*** Given records Section Begins ***
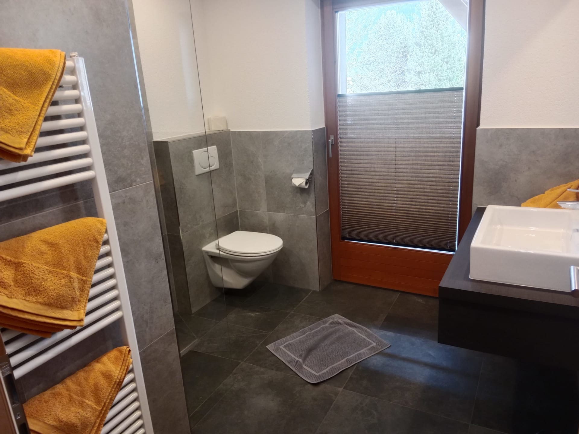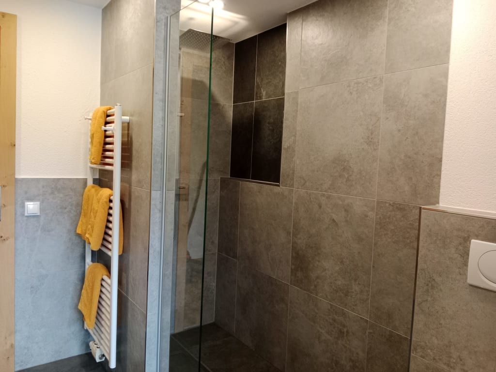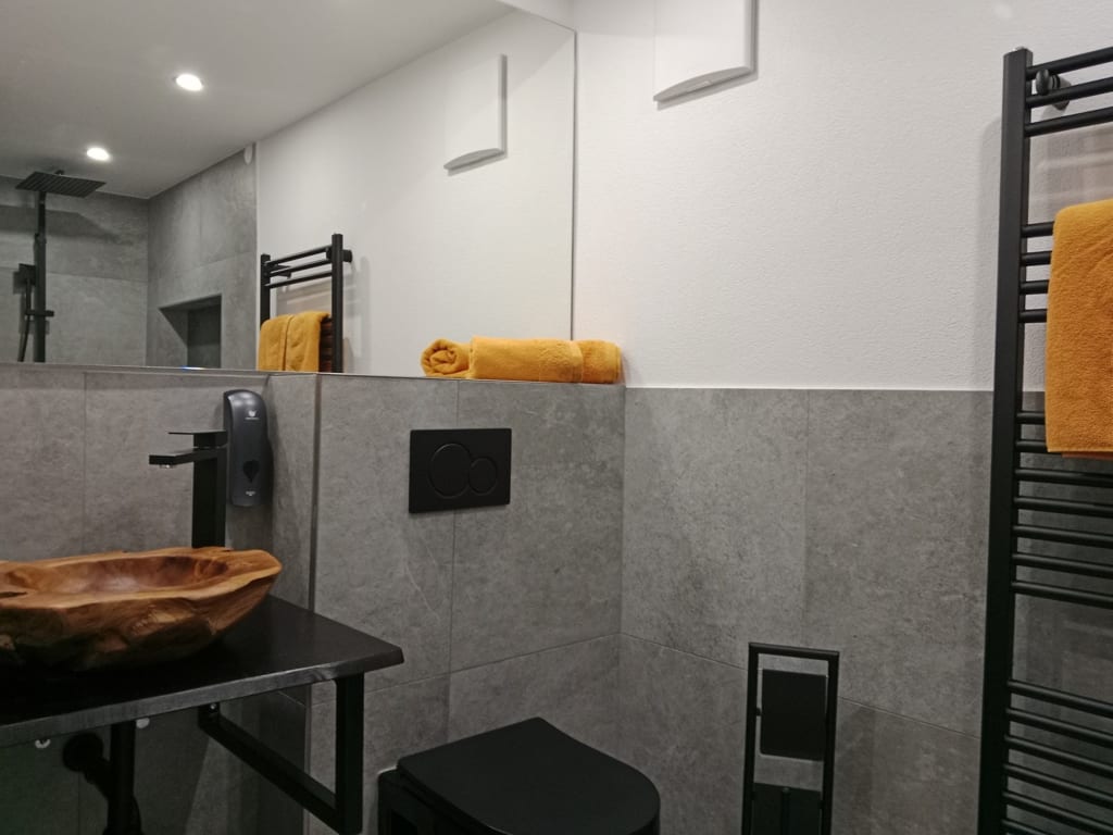 Das Badezimmer ist modern gestaltet und bietet Annehmlichkeiten wie eine Regendusche.
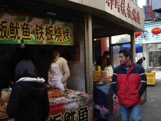 恐らくここが無錫一の繁華街、無錫の駅からも歩いて15分くらいでいける。地下街もあったりして、なかなか狭い通りに小吃や麺のローカルな小さい店が密集していて、そうかとおもえばマクドナルドやケンタッキー、そして無錫の小篭包で有名な王興記などもあり、無錫の食を凝縮したような空間である
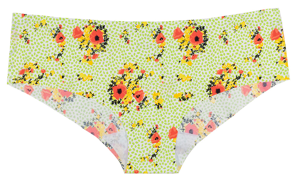 Fresh, flirty, and oh-so-comfy—this low-rise hipster is a little slice of spring. A rich green backdrop is dotted with playful pops of yellow and orange florals, giving you a look that’s as pretty as it is practical. Sleek laser-cut edges mean no visible lines under clothes, while the silky-smooth 90% nylon / 10% spandex fabric moves with you for all-day comfort.
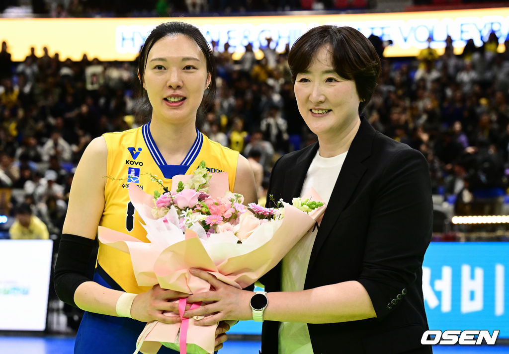 현대건설 양효진이 경기 종료 후 페퍼저축은행 장소연 감독에게 꽃다발을 받고 있다. 2026.03.08 /cej@osen.co.kr
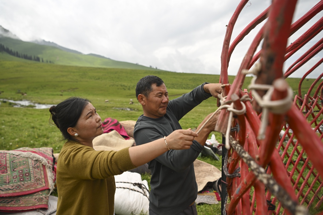 轉場第二天,巴拉提江和妻子在夏牧場上合力搭建氈房(6月11日攝)。
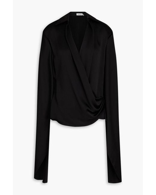 Women's Black Wrap-effect Draped Satin-crepe Top
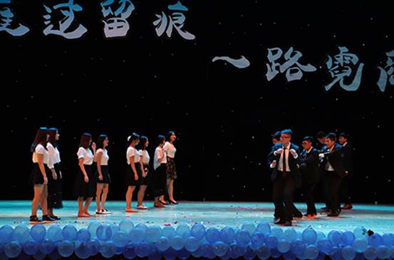 随后,晚会主持人曹业奇、张志文、王楚添、黄俊霖同学走上舞台,他们以四年的暖心回忆引出本次晚会的主题,并宣布英国365集团网站2017届毕业晚会正式开始。
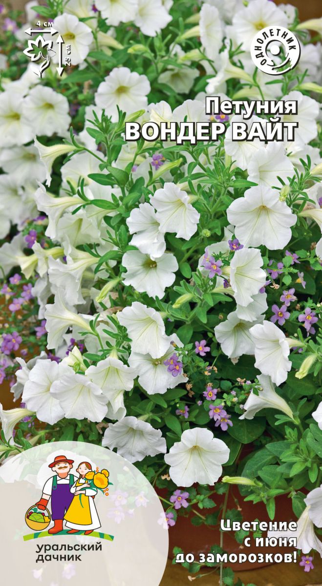 Модное сочетание белых соцветий и нежно-зелёной листвы. Красивые крупные чисто-белые цветы украшают плотный кустик высотой около 25 см. Обильно цветёт с июля по сентябрь. Используют в клумбах для ярких групп, на бордюрах, рабатках, в подвесных корзинках.
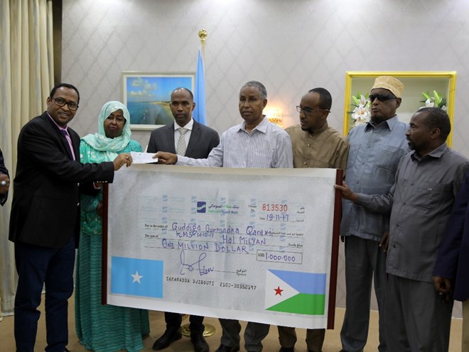 Talaado, November, 21, 2017 (HOL)- Dowladda Jabuuti ayaa lacag dhan $1 million oo dollar ugu deeqday dadkii ay wax yeelladu ka soo gaartay qaraxii 14kii bishii October ee sanadkan ka dhacay Isgoyska Zoobe ee magaalada Muqdisho.
*** Given records Section Ends ***
■ Brief
Skip the pictures, please, and transcribe only the lines from the beginning of the material through the one that contains "恐らくここが無錫一の繁華街、".

■ Response to this exercise
 Das Badezimmer ist modern gestaltet und bietet Annehmlichkeiten wie eine Regendusche.
 恐らくここが無錫一の繁華街、無錫の駅からも歩いて15分くらいでいける。地下街もあったりして、なかなか狭い通りに小吃や麺のローカルな小さい店が密集していて、そうかとおもえばマクドナルドやケンタッキー、そして無錫の小篭包で有名な王興記などもあり、無錫の食を凝縮したような空間である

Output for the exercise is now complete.